[[ DATA SHOWN open ]]

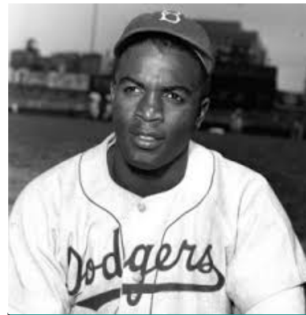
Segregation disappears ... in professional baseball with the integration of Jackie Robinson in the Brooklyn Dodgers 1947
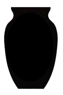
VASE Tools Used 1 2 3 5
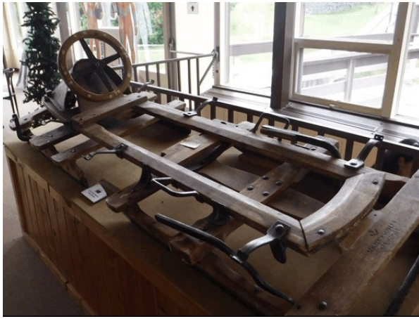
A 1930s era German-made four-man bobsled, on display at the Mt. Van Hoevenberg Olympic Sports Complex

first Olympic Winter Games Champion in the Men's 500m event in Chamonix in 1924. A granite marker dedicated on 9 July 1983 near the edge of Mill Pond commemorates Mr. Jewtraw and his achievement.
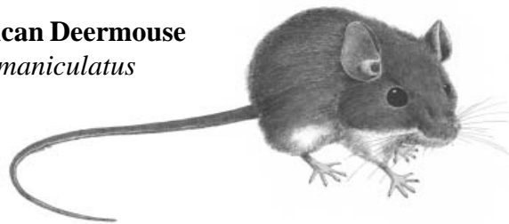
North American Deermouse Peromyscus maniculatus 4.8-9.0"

[[ DATA SHOWN closed ]]
[[ DATA SHOWN open ]]

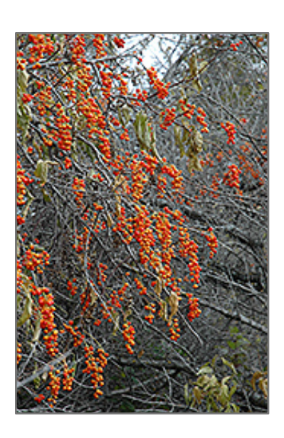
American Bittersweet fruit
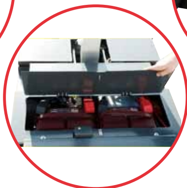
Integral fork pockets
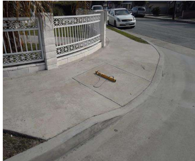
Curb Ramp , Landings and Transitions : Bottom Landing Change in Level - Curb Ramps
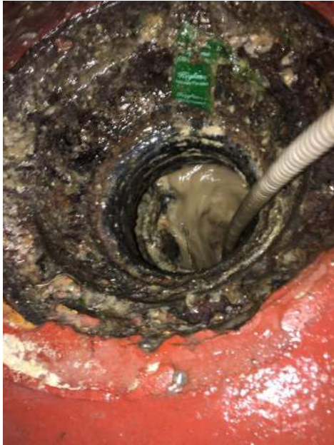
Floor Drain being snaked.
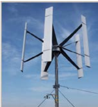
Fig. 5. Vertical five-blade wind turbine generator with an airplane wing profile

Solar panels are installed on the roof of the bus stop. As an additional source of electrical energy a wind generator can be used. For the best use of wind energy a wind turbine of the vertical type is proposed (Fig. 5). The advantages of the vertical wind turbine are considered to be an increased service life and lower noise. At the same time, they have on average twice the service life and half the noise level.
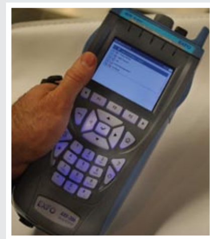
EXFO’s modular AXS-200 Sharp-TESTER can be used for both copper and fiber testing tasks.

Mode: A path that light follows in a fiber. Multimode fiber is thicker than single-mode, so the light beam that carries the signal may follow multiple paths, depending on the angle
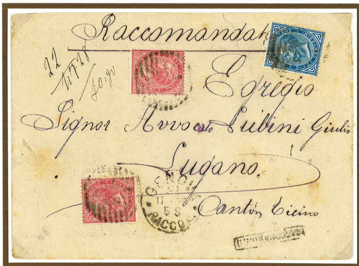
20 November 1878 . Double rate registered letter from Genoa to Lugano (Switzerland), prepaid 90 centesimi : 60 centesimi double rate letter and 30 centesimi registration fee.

[[ DATA SHOWN closed ]]

EXERCISE DIRECTIONS
Tally the lines of the records that contain the word "American", then give only the tally.

TASK SOLUTION
2